Любили жемчуг и в высших слоях петербургского общества, и в царской семье. Французский посол Савари, размышляя о подарках для русского двора, «которые были бы приняты здесь с величайшим удовольствием», писал Талейрану из Петербурга в 1807 году: «Мне помнится, что испанской королеве посылали великолепные платья. Такой подарок здесь очень бы оценили. Императрица молода, красива и грациозна. У нее много жемчуга и бриллиантов, но нет ни одного платья из красивой материи и хорошо сшитого».
Поспорить с жемчугом императрицы Елизаветы Алексеевны могла, по воспоминаниям современников, и жемчужная нить камер-фрейлины Анны Орловой-Чесменской. А в конце 1820-х годов весь светский Петербург восхищался удивительным жемчугом знаменитой красавицы Аграфены Закревской, супруги министра внутренних дел.
Конечно, их украшения были не из русского речного жемчуга, а из заграничного, со дна моря. Но некоторые экономисты XIX века утверждали, что иногда русские северные жемчужины редкой красоты продавались за рубеж, а оттуда привозились в Россию как иностранные.
Увлекались жемчугом и москвички. Русская мемуаристка Е. Сушкова, приехавшая в мае 1833 года из Петербурга в Москву, записала в своем дневнике: «Туалеты здесь поразительной пестроты,— волос на голове не видно из-за целых цветочных кустов, фероньеры заменены цепочками и жемчугами, которые совершенно закрывают лоб, корсажи en pointe (с острым концом, обращенным к земле) и этот последний украшен бронзой, драгоценными камнями, жемчугами… даже чепчики вместо лент украшены тоже жемчугами. В Петербурге меня приняли бы за лгунью, если бы я попробовала описать подобный наряд… Трудно поверить, что за вкус у москвичей».
Но именно этому вкусу были обязаны своим процветанием несколько московских ювелирных фирм, торговавших вплоть до конца XIX века исключительно изделиями из русского жемчуга.
До 1870-х годов крестьянин, занимавшийся ловлей жемчуга, добывал за лето около тысячи зерен. Способов доставания раковин из рек было несколько.
На мелководье просто ходили по воде и искали ракушки ощупью. В глубоких местах ловцам приходилось бродить по горло и, почувствовав раковину под ногой, они хватали ее пальцами ног и поднимали из воды.
Путешествуя в середине 1890-х годов по Мурманскому краю историк и журналист А. Слезскинский, узнал от лопарей о другом способе: «Делается плот из четырех бревен длиною каждое в полторы сажени, которые сколачиваются так, чтобы посредине оставалось небольшое отверстие, могущее дать возможность человеческому глазу видеть дно реки. Ловец отталкивается от берега шестом, длиною полторы-две сажени, у которого на одном конце сделан расщеп для зажима раковины, и бросает на фарватере реки, вместо якоря, камень на веревке. В то время, когда плот водит течением, ловец подтягивает или спускает веревку, а сам смотрит в отверстие и отыскивает на дне раковину».

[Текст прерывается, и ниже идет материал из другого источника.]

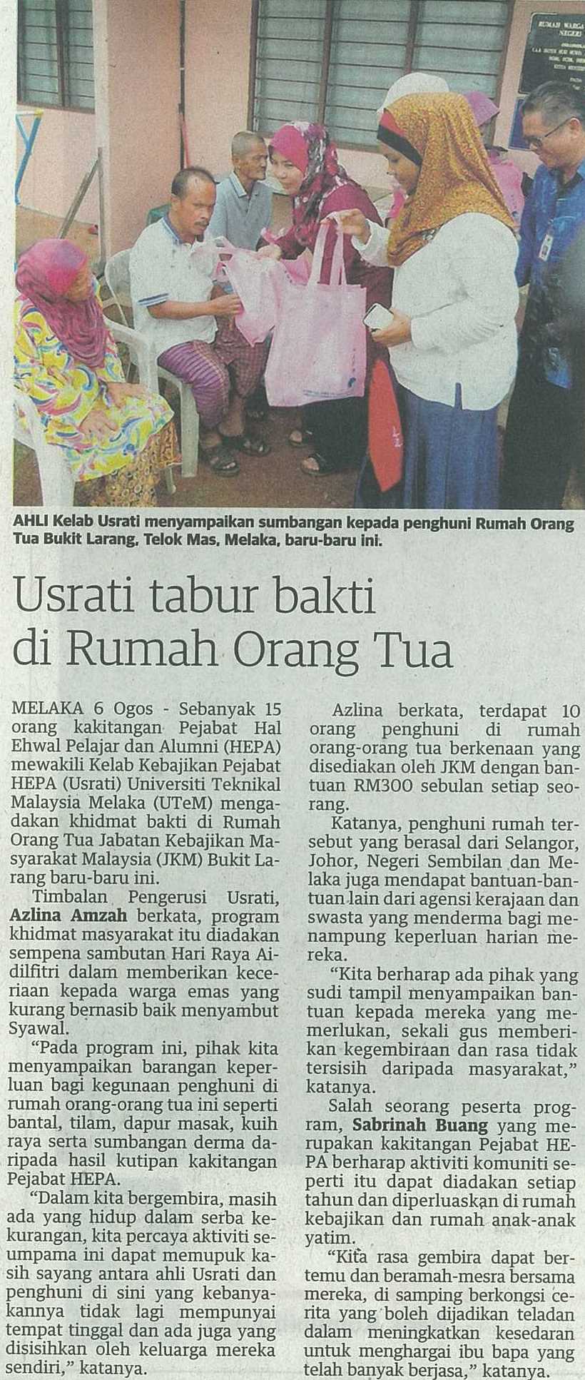 Usrati tabur bakti di Rumah Orang Tua

А в 1892 году в Олонецкой губернии случилась такая история, ставшая для ловцов жемчуга настоящей сенсацией. В село Челмужу прибыло несколько финляндцев, давно занимающихся добычей жемчуга - партия этих жемчугоискателей была вооружена подзорными трубками и всеми необходимыми снастями. Отправившись вверх по реке Немени, финляндцы пробыли здесь около трех недель. А возвратившись, рассказали, что добыли жемчуга тысячи на две или три. «Отсутствие приспособлений для ловли жемчуга ведет, во-первых, к тому, что раковины местными жителями добываются лишь на глубине, не превышающей роста человека, а во-вторых, само собою, отражается на количестве ловли», - писали в газете.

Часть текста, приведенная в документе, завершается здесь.